Segment Start: RECORD SET

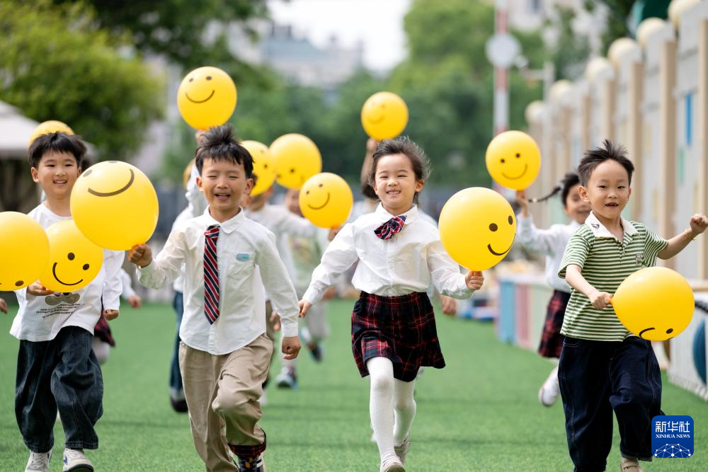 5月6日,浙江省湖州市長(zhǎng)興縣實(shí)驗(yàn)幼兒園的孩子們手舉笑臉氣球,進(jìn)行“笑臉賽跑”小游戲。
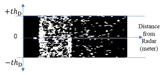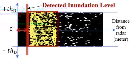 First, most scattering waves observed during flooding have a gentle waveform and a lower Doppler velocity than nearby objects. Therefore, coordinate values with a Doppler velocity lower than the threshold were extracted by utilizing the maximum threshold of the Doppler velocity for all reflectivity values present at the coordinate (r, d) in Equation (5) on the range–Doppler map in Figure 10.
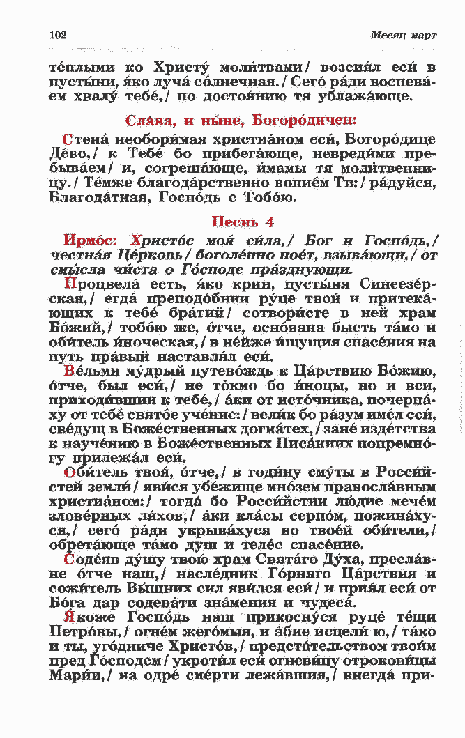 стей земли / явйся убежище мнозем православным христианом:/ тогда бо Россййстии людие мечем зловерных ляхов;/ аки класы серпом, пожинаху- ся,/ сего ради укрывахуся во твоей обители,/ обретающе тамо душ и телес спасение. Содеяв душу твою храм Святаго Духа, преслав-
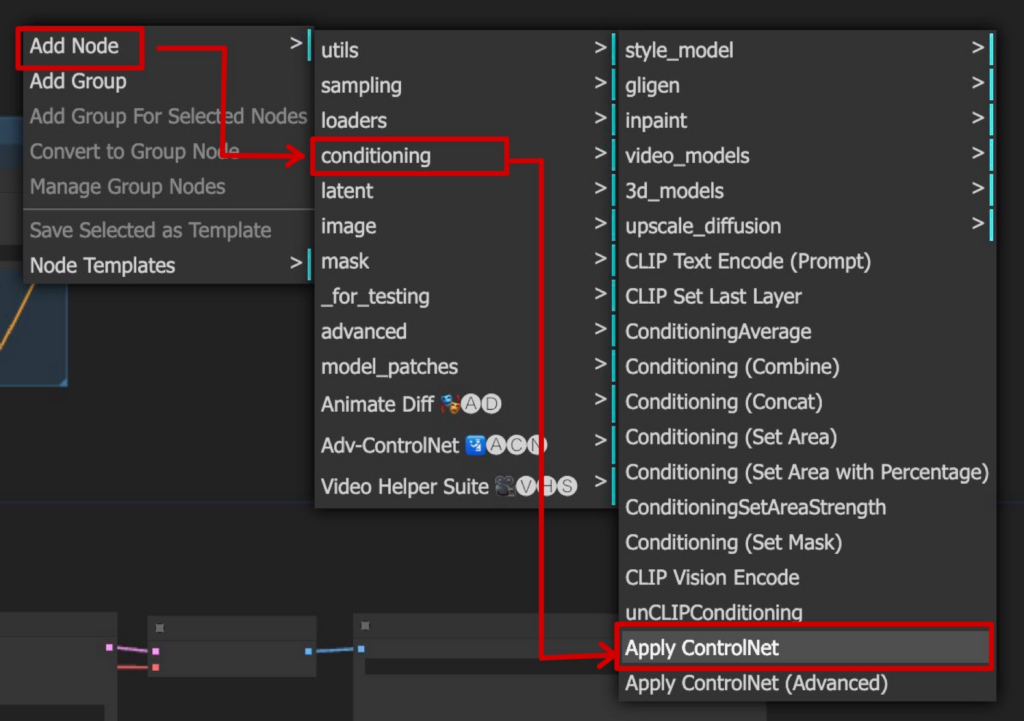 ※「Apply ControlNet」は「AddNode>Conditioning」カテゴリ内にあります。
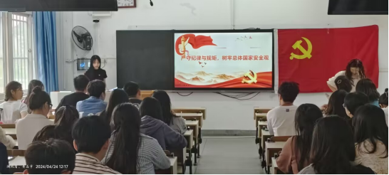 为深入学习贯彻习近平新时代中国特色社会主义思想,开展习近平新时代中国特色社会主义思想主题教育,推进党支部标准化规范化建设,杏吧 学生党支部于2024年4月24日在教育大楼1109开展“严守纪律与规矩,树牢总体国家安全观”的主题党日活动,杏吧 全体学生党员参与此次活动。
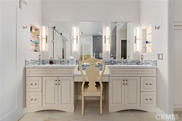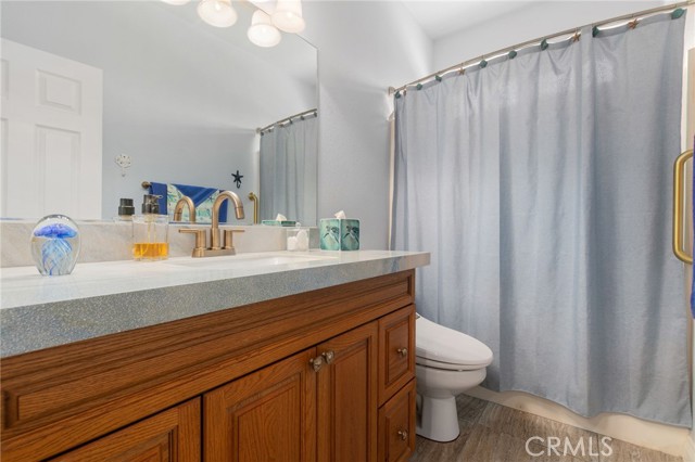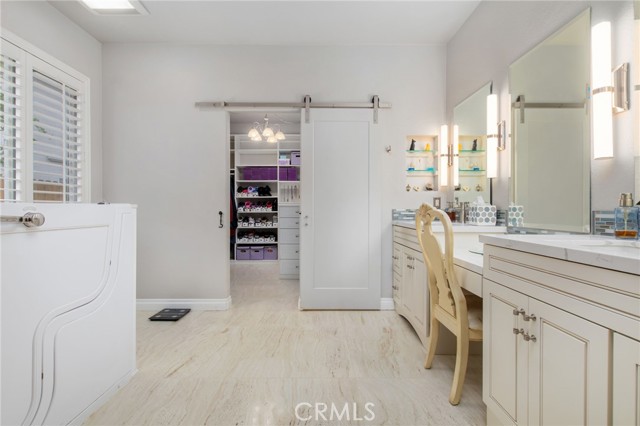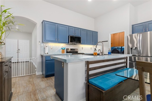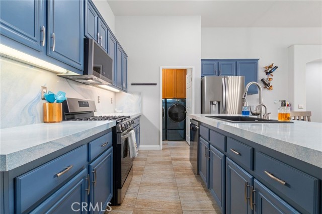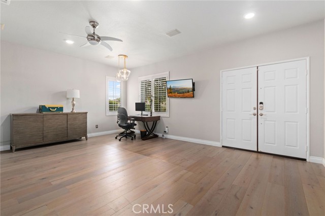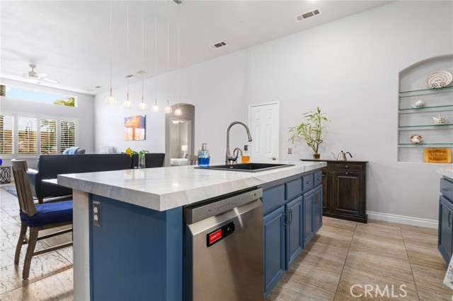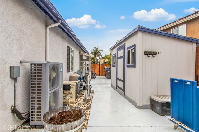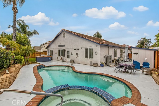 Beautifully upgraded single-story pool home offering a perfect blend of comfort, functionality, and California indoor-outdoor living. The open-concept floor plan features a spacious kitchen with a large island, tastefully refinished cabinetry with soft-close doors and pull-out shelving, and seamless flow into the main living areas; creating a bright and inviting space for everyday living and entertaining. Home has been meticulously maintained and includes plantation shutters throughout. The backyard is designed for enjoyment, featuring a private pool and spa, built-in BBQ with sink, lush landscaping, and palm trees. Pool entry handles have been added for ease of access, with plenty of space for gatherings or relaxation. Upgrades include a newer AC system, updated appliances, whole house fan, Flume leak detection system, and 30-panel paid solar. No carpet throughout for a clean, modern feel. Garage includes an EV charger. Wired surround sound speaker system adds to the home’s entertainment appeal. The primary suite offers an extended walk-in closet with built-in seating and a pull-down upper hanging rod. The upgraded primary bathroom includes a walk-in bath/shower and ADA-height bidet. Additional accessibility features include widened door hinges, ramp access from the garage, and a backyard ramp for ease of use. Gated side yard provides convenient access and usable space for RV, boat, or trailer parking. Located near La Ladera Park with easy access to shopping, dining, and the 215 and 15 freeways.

Segment End: RECORD SET

## [DESCRIPTION OF THE TASK]
Every record must be returned exactly. Leave its pictures out.

## [RESPONSE BELOW]
 5月6日,浙江省湖州市長(zhǎng)興縣實(shí)驗(yàn)幼兒園的孩子們手舉笑臉氣球,進(jìn)行“笑臉賽跑”小游戲。
 First, most scattering waves observed during flooding have a gentle waveform and a lower Doppler velocity than nearby objects. Therefore, coordinate values with a Doppler velocity lower than the threshold were extracted by utilizing the maximum threshold of the Doppler velocity for all reflectivity values present at the coordinate (r, d) in Equation (5) on the range–Doppler map in Figure 10.
 стей земли / явйся убежище мнозем православным христианом:/ тогда бо Россййстии людие мечем зловерных ляхов;/ аки класы серпом, пожинаху- ся,/ сего ради укрывахуся во твоей обители,/ обретающе тамо душ и телес спасение. Содеяв душу твою храм Святаго Духа, преслав-
 ※「Apply ControlNet」は「AddNode>Conditioning」カテゴリ内にあります。
 为深入学习贯彻习近平新时代中国特色社会主义思想,开展习近平新时代中国特色社会主义思想主题教育,推进党支部标准化规范化建设,杏吧 学生党支部于2024年4月24日在教育大楼1109开展“严守纪律与规矩,树牢总体国家安全观”的主题党日活动,杏吧 全体学生党员参与此次活动。
 Beautifully upgraded single-story pool home offering a perfect blend of comfort, functionality, and California indoor-outdoor living. The open-concept floor plan features a spacious kitchen with a large island, tastefully refinished cabinetry with soft-close doors and pull-out shelving, and seamless flow into the main living areas; creating a bright and inviting space for everyday living and entertaining. Home has been meticulously maintained and includes plantation shutters throughout. The backyard is designed for enjoyment, featuring a private pool and spa, built-in BBQ with sink, lush landscaping, and palm trees. Pool entry handles have been added for ease of access, with plenty of space for gatherings or relaxation. Upgrades include a newer AC system, updated appliances, whole house fan, Flume leak detection system, and 30-panel paid solar. No carpet throughout for a clean, modern feel. Garage includes an EV charger. Wired surround sound speaker system adds to the home’s entertainment appeal. The primary suite offers an extended walk-in closet with built-in seating and a pull-down upper hanging rod. The upgraded primary bathroom includes a walk-in bath/shower and ADA-height bidet. Additional accessibility features include widened door hinges, ramp access from the garage, and a backyard ramp for ease of use. Gated side yard provides convenient access and usable space for RV, boat, or trailer parking. Located near La Ladera Park with easy access to shopping, dining, and the 215 and 15 freeways.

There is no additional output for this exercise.